In her later years, when Russia’s power threatened Europe, her body was used as a tool of propaganda – satirists ridiculed her sexual appetite (she had only 12 lovers, incidentally!), and lies were told about her alleged proclivities that persist to this day.

 

I want to bust those myths and demonstrate that the most powerful and historically important thing she did with her body was to trial a cutting-edge medical technology and set an example.

 

Women in power so often have their bodies used against them – we’ve just had yet more instances of this in the UK parliament when a woman was criticised for crossing her legs – and I’m determined to highlight this example of female embodied power.

 

Q: What are you working on now?

 

A: I’m hoping to pursue a story linked to The Empress and the English Doctor.

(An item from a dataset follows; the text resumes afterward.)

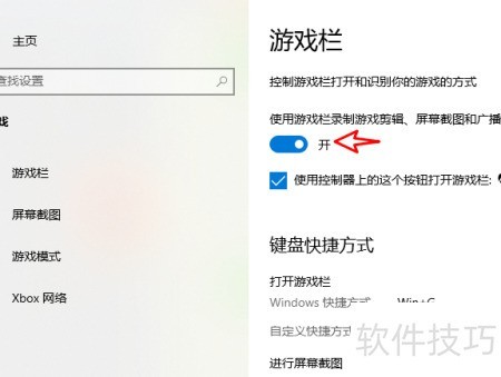 8、 开启游戏栏录制功能以捕捉游戏片段。

I’m fascinated by the advance of science in the 18th century: it’s far too little known, and the thrill of discovery remains electrifying centuries later.

 

But of course, it’s a highly complex picture: people like Joseph Banks, botanist and president of the Royal Society, intertwined science and the state, linking it inextricably with imperial expansion. That meeting point of science, politics, and culture is the theme I’d like to explore.

 

Q: Anything else we should know?

 

A: Where do I start? Well, I’m 52 and – though I have had a career as a journalist - this is my first book, so I hope that may encourage other would-be writers.

 

Also, dog owners reading this might like to know that Thomas Dimsdale sent Catherine a present of two Italian greyhounds once he came home to England. She adored them and their descendants, and was even painted with her favourite, Zemira, who slept next to her bed and left pawprints on her letters.

 

They’re buried in a rather eccentric pyramid-shaped mausoleum at Tsarskoe Selo, her palace outside St. Petersburg.